> What the task requires
Once the line with "Unsere Spezialitäten sind" is found in the data, output it and each following line exactly, up to and including the line with "2018秋冬新款韓版時尚套裝v領長袖打底T恤包臀豹紋半身裙兩件套女", and nothing before or after.

> Supplied records
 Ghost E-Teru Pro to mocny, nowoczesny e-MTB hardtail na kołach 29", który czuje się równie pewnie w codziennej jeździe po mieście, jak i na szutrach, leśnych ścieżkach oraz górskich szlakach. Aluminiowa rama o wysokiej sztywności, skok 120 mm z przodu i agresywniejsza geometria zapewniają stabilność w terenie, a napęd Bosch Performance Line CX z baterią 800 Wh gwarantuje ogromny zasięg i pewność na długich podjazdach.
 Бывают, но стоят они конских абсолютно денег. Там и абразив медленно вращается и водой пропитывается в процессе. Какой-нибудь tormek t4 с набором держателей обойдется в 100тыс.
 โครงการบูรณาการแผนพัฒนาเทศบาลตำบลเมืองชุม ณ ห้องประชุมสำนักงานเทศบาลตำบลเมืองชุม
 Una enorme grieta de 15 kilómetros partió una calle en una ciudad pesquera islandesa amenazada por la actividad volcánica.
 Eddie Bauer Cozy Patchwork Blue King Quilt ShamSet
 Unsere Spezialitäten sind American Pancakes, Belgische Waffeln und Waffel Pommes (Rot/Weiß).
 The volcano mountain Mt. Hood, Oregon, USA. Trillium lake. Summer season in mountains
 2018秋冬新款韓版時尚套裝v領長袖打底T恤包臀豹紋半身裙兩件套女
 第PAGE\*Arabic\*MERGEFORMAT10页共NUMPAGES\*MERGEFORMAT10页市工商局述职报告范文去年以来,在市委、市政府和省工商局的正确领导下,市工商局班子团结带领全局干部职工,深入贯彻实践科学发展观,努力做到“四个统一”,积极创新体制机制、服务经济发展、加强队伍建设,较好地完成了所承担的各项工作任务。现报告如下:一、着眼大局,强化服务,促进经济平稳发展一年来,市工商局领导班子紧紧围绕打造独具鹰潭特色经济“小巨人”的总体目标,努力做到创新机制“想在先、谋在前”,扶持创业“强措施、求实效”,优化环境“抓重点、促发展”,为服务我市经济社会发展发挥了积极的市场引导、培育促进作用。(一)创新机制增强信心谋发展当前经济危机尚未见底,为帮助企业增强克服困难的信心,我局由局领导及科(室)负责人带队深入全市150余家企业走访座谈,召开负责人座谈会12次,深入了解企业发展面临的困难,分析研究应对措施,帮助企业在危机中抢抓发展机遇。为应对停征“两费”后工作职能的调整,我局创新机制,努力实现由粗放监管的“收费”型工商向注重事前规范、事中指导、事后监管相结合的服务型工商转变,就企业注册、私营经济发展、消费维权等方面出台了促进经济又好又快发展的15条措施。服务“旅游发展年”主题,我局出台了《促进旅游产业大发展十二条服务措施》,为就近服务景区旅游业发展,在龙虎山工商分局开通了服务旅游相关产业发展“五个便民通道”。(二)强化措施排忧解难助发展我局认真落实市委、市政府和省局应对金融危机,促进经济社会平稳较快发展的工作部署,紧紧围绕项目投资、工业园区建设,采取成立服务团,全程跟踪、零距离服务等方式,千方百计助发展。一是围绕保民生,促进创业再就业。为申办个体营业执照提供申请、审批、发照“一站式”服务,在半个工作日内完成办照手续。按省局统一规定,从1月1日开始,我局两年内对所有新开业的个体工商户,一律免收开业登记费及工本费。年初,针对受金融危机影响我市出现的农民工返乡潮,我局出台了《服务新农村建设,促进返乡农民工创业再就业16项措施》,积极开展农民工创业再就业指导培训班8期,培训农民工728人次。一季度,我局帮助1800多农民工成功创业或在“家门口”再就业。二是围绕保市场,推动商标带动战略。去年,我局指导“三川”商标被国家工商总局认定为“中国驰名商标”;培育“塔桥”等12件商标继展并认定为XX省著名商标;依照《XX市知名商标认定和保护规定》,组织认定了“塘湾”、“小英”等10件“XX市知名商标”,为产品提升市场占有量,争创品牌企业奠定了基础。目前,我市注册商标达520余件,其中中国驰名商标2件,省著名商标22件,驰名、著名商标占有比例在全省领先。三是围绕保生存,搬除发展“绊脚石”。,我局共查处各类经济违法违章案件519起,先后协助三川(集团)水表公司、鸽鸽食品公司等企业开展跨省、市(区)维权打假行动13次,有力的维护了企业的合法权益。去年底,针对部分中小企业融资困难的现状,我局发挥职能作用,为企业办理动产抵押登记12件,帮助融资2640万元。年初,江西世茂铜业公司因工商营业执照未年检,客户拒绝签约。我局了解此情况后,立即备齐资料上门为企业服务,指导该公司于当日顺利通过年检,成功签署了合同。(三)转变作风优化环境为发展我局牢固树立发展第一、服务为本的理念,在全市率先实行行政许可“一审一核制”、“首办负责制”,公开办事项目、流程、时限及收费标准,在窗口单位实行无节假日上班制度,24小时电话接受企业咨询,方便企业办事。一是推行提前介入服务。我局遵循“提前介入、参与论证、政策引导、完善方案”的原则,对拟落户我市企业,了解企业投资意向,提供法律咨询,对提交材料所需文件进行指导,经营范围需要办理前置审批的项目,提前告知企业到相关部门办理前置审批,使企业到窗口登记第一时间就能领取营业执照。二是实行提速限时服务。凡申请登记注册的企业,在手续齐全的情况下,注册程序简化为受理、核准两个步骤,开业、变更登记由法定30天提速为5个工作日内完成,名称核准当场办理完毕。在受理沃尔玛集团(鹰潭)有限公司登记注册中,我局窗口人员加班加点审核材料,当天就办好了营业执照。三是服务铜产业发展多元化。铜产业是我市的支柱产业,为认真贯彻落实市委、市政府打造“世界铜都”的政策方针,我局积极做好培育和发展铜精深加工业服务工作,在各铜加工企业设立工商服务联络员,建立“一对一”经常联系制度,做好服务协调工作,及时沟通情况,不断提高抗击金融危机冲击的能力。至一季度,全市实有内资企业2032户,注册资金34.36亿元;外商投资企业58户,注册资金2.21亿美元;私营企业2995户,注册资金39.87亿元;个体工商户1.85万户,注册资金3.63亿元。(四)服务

> Answer below
 Unsere Spezialitäten sind American Pancakes, Belgische Waffeln und Waffel Pommes (Rot/Weiß).
 The volcano mountain Mt. Hood, Oregon, USA. Trillium lake. Summer season in mountains
 2018秋冬新款韓版時尚套裝v領長袖打底T恤包臀豹紋半身裙兩件套女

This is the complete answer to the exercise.